—Samuel.

Asentí con la cabeza y nos quedamos callados. Él sacó su móvil. Yo le observó fijamente.

—Samuel. ¿Quiere contarme qué hace aquí?

Entonces él me miraba con expresión de desconfianza y me respondía que no, porque hoy en día la amabilidad nunca viene sola. Pero como veía que no me movía del sitio y no parecía tener otra cosa mejor que hacer, al final acababa contándomelo con cierto recelo. No porque mis habilidades sociales fueran la fruta más madura del árbol, sino porque todas las personas de este mundo tienen cosas que compartir cuando no las están compartiendo.

—Estoy esperando a ma. Viene desde Atenas en autobús y si no la llevo de la mano, se pierde por el camino.

Hablar de temas personales relaja a las personas. ¿Alzheimer? No, demencia senil. Ah. Entiendo. ¿Y dónde vive? ¿En Thalassinos? ¿Eso qué es, uno de esos barrios latinos donde los vecinos envenenan a tu perro si ladra mucho?

—Es usted un poco racista, ¿no?

—La gente dice que lo soy, pero es que me cuesta mucho elaborar opiniones por mí misma, así que prefiero basarme en estereotipos —confesé—. Pero no lo soy. Yo apoyo la igualdad de todas las razas del mundo. Aunque bueno. La verdad es que me da igual.

Él me explicó que no había comentario más racista que el que había hecho. Yo le expliqué que no. Que para ser racista se necesitaba una actitud dinámica para despreciar y clasificar, y que a mí realmente no me importaba cómo estuviera hecho el mundo. Que mi mente era como un software dormido que se reiniciaba cada vez que tenía que producir alguna palabra con mi boca, y que mis opiniones se volvían a crear cada vez que ocurría. Fuera de los estímulos ajenos, no pensaba nada. No había razas de humanos. Ni razas de perros. Ni había humanos o perros.

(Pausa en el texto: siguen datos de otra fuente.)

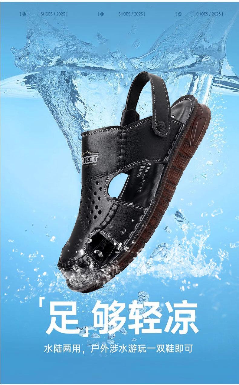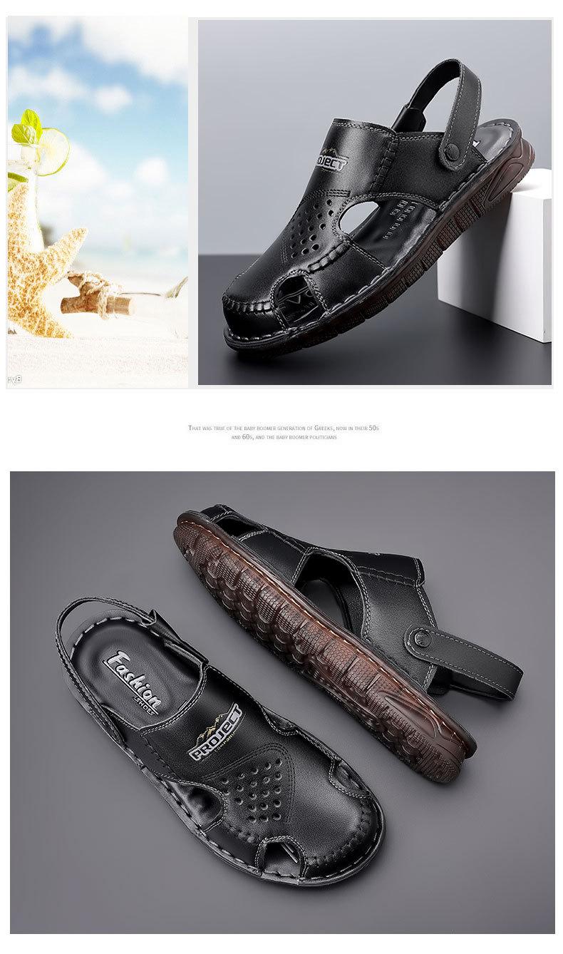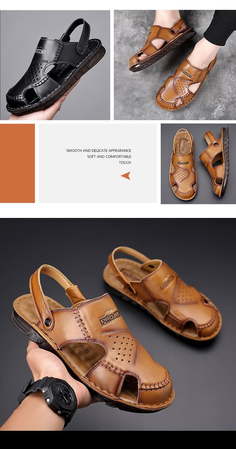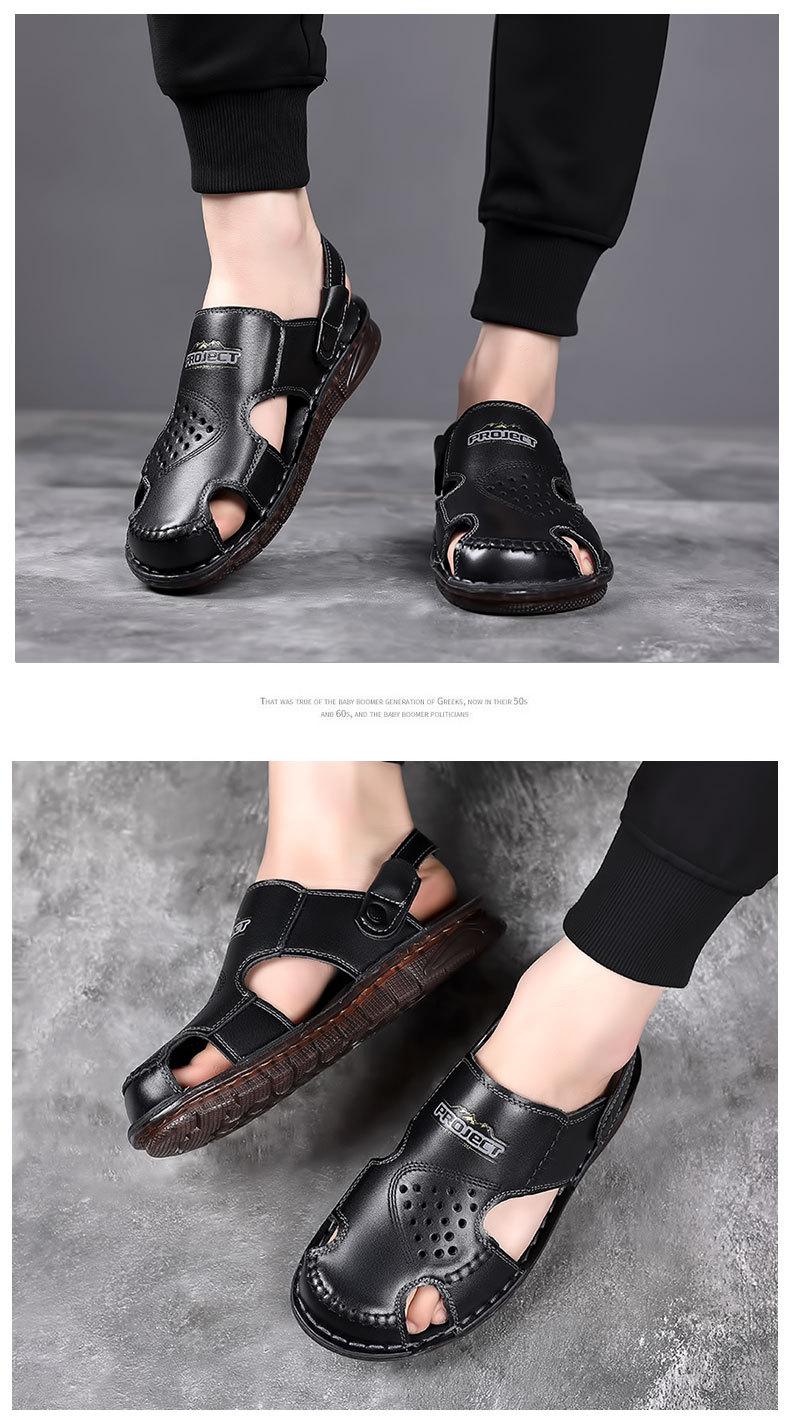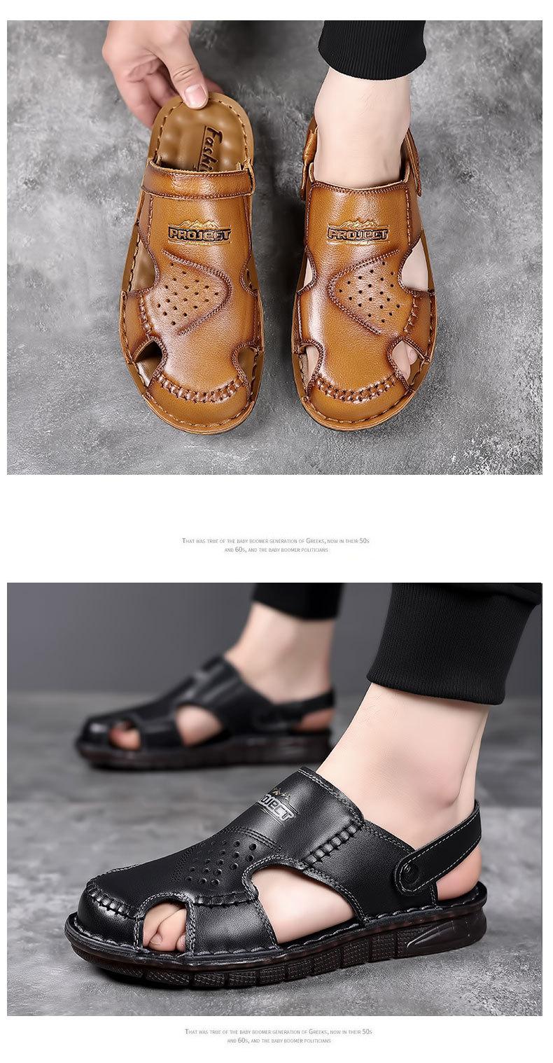 Zapatos de Hombre 2025 Verano Cuero Genuino Suela de Tendón de Res Sandalias Sandalias de Hombre con Puntera Descubierta para Verano Casual Exterior Antideslizante

¿Y qué hay entonces en el mundo, churra? No te rías, Samuel. En el mundo solo hay arcilla moldeable. Tú y yo somos un pedazo minúsculo de arcilla, y yo me preocupo de quién me esté moldeando. Y de quién estará moldeando a mi moldeador. Y de quién estará moldeando al moldeador de mi moldeador. Y de si habrá alguien que deje de moldear en algún momento, y de cómo lo habrá hecho ese tipo.

Puede que ese tipo sea Dios. No, Samuel. Dios apareció después de nosotros, así que no es más que otro pedazo de arcilla que sabe moldear muy bien al resto, por eso algunos creen que es un artista implacable. Pero no. Porque él también es arcilla. Pero no sé por qué te estoy contando todo esto, si a mí me da igual.

Él parecía divertirse con mis palabras, como si hubiera encontrado al bicho más raro del planeta.

—Ese es el bus de ma —dice señalando al enorme titán que se acerca con sus diez toneladas de metal, respira violentamente y se para.

El latino se limita a esperar a que bajen los pasajeros, que se cuelan y se descuelan sin pagar ni un céntimo en transporte público desde tiempos inmemoriales. Entonces detecta una figura agazapada y arrugada como un cacahuete al final de la cola. Tiene la piel castigada por los rayos de sol y los pelos de las verrugas se pierden entre los pliegues de su cara. Sus ojos reflejan serenidad.

—Hola, Samuel. —Se dieron dos besos—. Sujétame las bolsas, mijo. Tienes mucho que contarme ahora que tenemos un nuevo miembro en la familia —respondió la anciana, mirándome con cariño.

—Ella no es mi esposa, ma.

—Cállate y trátala bien.

Entonces, el moreno gigantesco me dedicó una sonrisa de disculpa y condujo al pequeño primate arrugado hacia el paso de cebra. Yo me di la vuelta y no volví a verles jamás.